GOAL OF THE EXERCISE> Pictures in the listing should not be copied. Reproduce, word for word, each line from the one holding "TUNA ÜÇER ORTAOKULU" through the final line.

PROVIDED DATA>
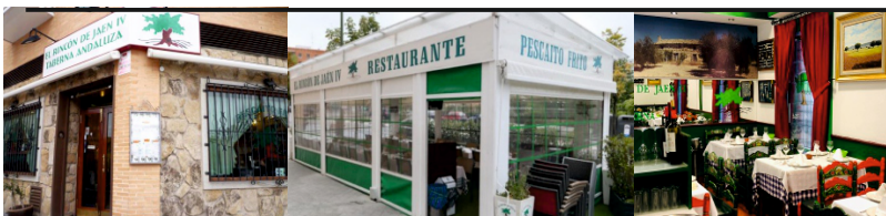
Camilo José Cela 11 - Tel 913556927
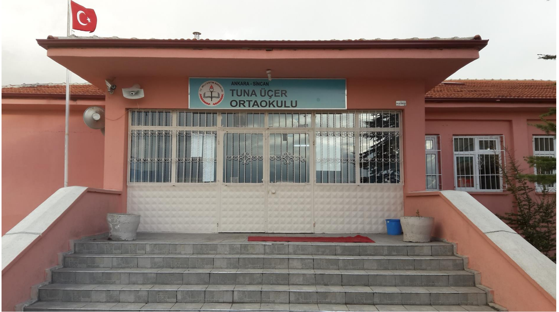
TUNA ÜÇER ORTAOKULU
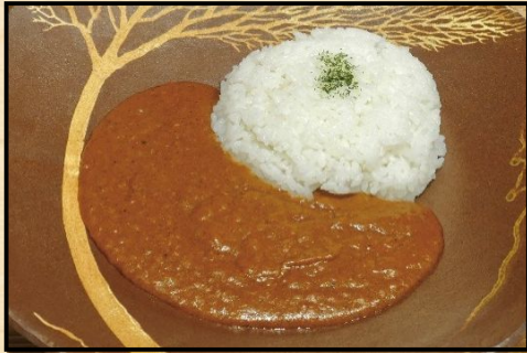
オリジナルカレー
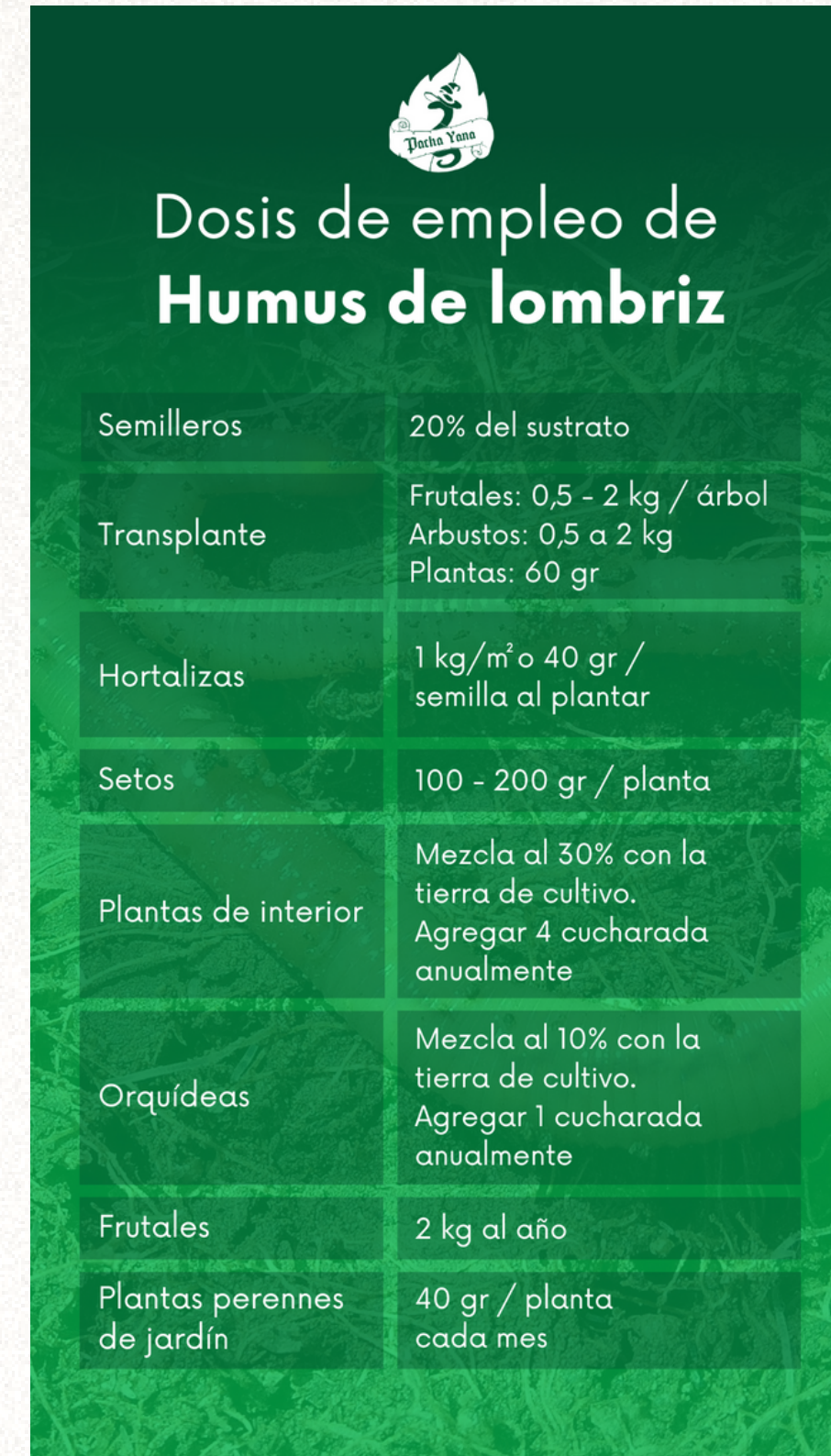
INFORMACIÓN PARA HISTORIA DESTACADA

SOLUTION FOR THIS EXERCISE>
TUNA ÜÇER ORTAOKULU
オリジナルカレー
INFORMACIÓN PARA HISTORIA DESTACADA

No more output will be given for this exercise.